Chat Completions API - SkillBoss Docs
Chat Completions API reference for Claude, GPT, Gemini, and 679+ endpoints. Streaming, function calling, vision, JSON mode, best practices, and code examples.
The Chat Completions API is 100% OpenAI-compatible and supports 679+ endpoints including Claude 4.5 Sonnet, GPT-5, Gemini 2.5 Flash, and DeepSeek R1.
Endpoint
POST https://api.skillboss.co/v1/chat/completions
Authentication
All API requests require an API key in the Authorization header:
curl https://api.skillboss.co/v1/chat/completions \
-H "Authorization: Bearer sk-sb-YOUR_API_KEY" \
-H "Content-Type: application/json" \
-d '{
"model": "claude-4.5-sonnet",
"messages": [{"role": "user", "content": "Hello!"}]
}'
Request Body
| Parameter | Type | Required | Description |
|---|---|---|---|
model | string | Yes | Model ID (e.g., claude-4.5-sonnet, gpt-5) |
messages | array | Yes | Array of message objects |
max_tokens | integer | No | Maximum tokens to generate (default: 4096) |
temperature | number | No | Sampling temperature 0-2 (default: 1) |
top_p | number | No | Nucleus sampling 0-1 (default: 1) |
stream | boolean | No | Enable streaming responses (default: false) |
stop | string/array | No | Stop sequences |
presence_penalty | number | No | Penalize new topics -2 to 2 (default: 0) |
frequency_penalty | number | No | Penalize repetition -2 to 2 (default: 0) |
user | string | No | End-user ID for tracking |
Messages Format
{
"messages": [
{
"role": "system" | "user" | "assistant",
"content": string | array
}
]
}
Response Format
Non-Streaming Response
{
"id": "chatcmpl-abc123",
"object": "chat.completion",
"created": 1709251200,
"model": "claude-4.5-sonnet",
"choices": [
{
"index": 0,
"message": {
"role": "assistant",
"content": "Hello!
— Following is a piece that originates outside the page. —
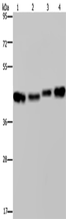Gel: 8%SDS-PAGE, Lysate: 40 μg, Lane 1-4: HepG2 cells, Raji cells, A431 cells, 231 cells, Primary antibody: (DNAJA1 Antibody) at dilution 1/800, Secondary antibody: Goat anti rabbit IgG at 1/8000 dilution, Exposure time: 5 seconds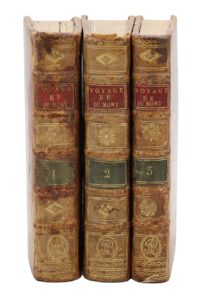 La Haye, Étienne Foulque & François L'Honoré, 1699. 3 volumes in-12 (sur 4), veau moucheté, guirlande dorée, dos orné, chiffre PB doré en queue, tranches jonquille (Reliure de la fin du XVIIIe siècle).Seconde édition très augmentée de ces récits de voyages composés par Jean Dumont, baron de Carlscroon (1667-1727), publiés pour la première fois en 1694 sous le titre Nouveau voyage du Levant.

How can I help you today?"
},
"finish_reason": "stop"
}
],
"usage": {
"prompt_tokens": 12,
"completion_tokens": 9,
"total_tokens": 21
}
}
Streaming Response
When stream: true, responses are sent as Server-Sent Events (SSE):
data: {"id":"chatcmpl-abc123","object":"chat.completion.chunk","created":1709251200,"model":"claude-4.5-sonnet","choices":[{"index":0,"delta":{"role":"assistant","content":"Hello"},"finish_reason":null}]}
data: {"id":"chatcmpl-abc123","object":"chat.completion.chunk","created":1709251200,"model":"claude-4.5-sonnet","choices":[{"index":0,"delta":{"content":"!"},"finish_reason":null}]}
data: {"id":"chatcmpl-abc123","object":"chat.completion.chunk","created":1709251200,"model":"claude-4.5-sonnet","choices":[{"index":0,"delta":{},"finish_reason":"stop"}]}
data: [DONE]
Code Examples
Node.js / TypeScript
import OpenAI from 'openai';
const client = new OpenAI({
apiKey: process.env.SKILLBOSS_API_KEY,
baseURL: 'https://api.skillboss.co/v1'
});
const completion = await client.chat.completions.create({
model: 'claude-4.5-sonnet',
messages: [
{ role: 'system', content: 'You are a helpful assistant.' },
{ role: 'user', content: 'Explain quantum computing in simple terms.' }
],
max_tokens: 500,
temperature: 0.7
});
console.log(completion.choices[0].message.content);
Python
from openai import OpenAI
client = OpenAI(
api_key="sk-sb-YOUR_API_KEY",
base_url="https://api.skillboss.co/v1"
)
response = client.chat.completions.create(
model="claude-4.5-sonnet",
messages=[
{"role": "system", "content": "You are a helpful assistant."},
{"role": "user", "content": "Explain quantum computing in simple terms."}
],
max_tokens=500,
temperature=0.7
)
print(response.choices[0].message.content)
cURL
curl https://api.skillboss.co/v1/chat/completions \
-H "Authorization: Bearer sk-sb-YOUR_API_KEY" \
-H "Content-Type: application/json" \
-d '{
"model": "claude-4.5-sonnet",
"messages": [
{
"role": "system",
"content": "You are a helpful assistant."
},
{
"role": "user",
"content": "Explain quantum computing in simple terms."
}
],
"max_tokens": 500,
"temperature": 0.7
}'
Go
package main
import (
"context"
"fmt"
"github.com/sashabaranov/go-openai"
)
func main() {
config := openai.DefaultConfig("sk-sb-YOUR_API_KEY")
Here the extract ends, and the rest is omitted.